Sobald deren Namen veröffentlicht sind, steht Kardinal Woelki unter dem Druck zu beweisen, dass er es ernst meint mit einem an die Katholiken seines Bistums gerichteten geistlichen Wort. Dieses überschrieb er mit Blick auf den 18. März mit dem Satz: „Die Wahrheit befreit uns.“

Woelki verband dies mit konkreten Ankündigungen. Mit der Untersuchung würden Verantwortlichkeiten klar benannt. „Und dann wird auch sofort die Frage im Raum stehen, welche Konsequenzen gezogen werden.“ Er werde die im Gutachten benannten Menschen, wenn es nötig sei, „vorläufig von ihren Aufgaben entbinden“.

Der Kardinal selbst dürfte entscheiden, ab wann eine Entbindung nötig ist. Für sich selbst will Woelki keine Ausnahme machen. „Sofern es mich betrifft, habe ich bereits erklärt, dass ich mich den Ergebnissen der Untersuchung stellen werde“, sagte der 64-Jährige. Dazu sagte er einen Satz, der Sprengkraft für die katholische Kirche in ganz Deutschland birgt: „Dasselbe erwarte ich aber auch von anderen.“

Dieser Satz lässt sich nur deuten, er könnte zwei Richtungen haben. Konkret könnte er auf den Hamburger Erzbischof Stefan Heße zielen, der in Köln lange Personalchef war und gegen den es Vertuschungsvorwürfe gibt.

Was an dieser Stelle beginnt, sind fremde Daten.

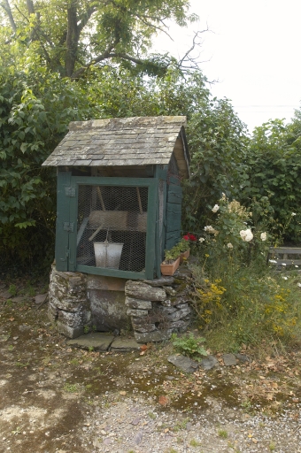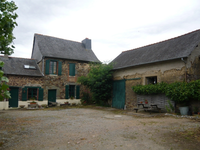 Cet ensemble se compose de deux bâtiments disposés en L autour d'une cour. Le bâtiment principal comprend un rez-de-chaussée, un étage carré et un comble. Il est couvert d'un toit à deux versants en ardoise marqué par une forte pente et un coyau important. La souche de cheminée recouverte d'ardoise est placée sur le mur pignon est. La maçonnerie est en moellon de schiste sur un solin enduit. Les ouvertures de ce bâtiment ont été remaniées et sont hétérogènes : encadrement en gros appareil de schiste irrégulier et chanfreiné avec un linteau droit au rez-de-chaussée, encadrements de brique avec des linteaux droits en bois et des appuis saillants en béton peint au premier niveau. Ce premier bâtiment est accolé à une dépendance qui comporte un niveau et un comble à surcroît percé d'une porte haute pendante couverte par un toit à deux versants. Elle est prolongée par un cellier placé en appentis postérieur. Elle est également construite en moellon de schiste sur un solin enduit. Elle est couverte d'un toit à deux versants en ardoise. La cheminée est placée sur un mur de refend. Un linteau filant en bois regroupe trois ouvertures. La quatrième est encadrée de brique avec un linteau droit et un appui saillant en béton. La gerbière est encadrée d'une carrée de bois. Une grange disposée perpendiculairement au premier bâtiment ferme la cour à l'ouest. Elle est construite en terre sur un solin de moellon de schiste et couverte d'un toit à deux versants en ardoise. Un puits situé au sud de la cour complète les dépendances.

Heße wies die Vorwürfe bisher immer zurück.

Woelki könnte aber auch ganz generell die Bischofskonferenz meinen, aus der er scharf kritisiert wurde. „Christ und Welt“, eine Beilage der Wochenzeitung „Die Zeit“, berichtete gerade, dass der wegen der verweigerten Veröffentlichung eines schon vor einem Jahr geplanten ersten Gutachtens viel kritisierte Woelki mit der Vorlage des neuen Gutachtens schneller und schonungsloser aufkläre als die sechs anderen deutschen Erzbistümer.

In den Erzbistümern Berlin, München, Freiburg, Paderborn, Bamberg und Hamburg sei die Aufarbeitung noch nicht so weit, schrieb „Christ und Welt“. Der gescholtene Woelki könnte mit den von ihm angekündigten Konsequenzen also nun einen Standard setzen – sollte er wirklich wie von vielen gefordert zurücktreten, müssten womöglich auch noch andere katholische Bischöfe absehbar ihre Stühle räumen.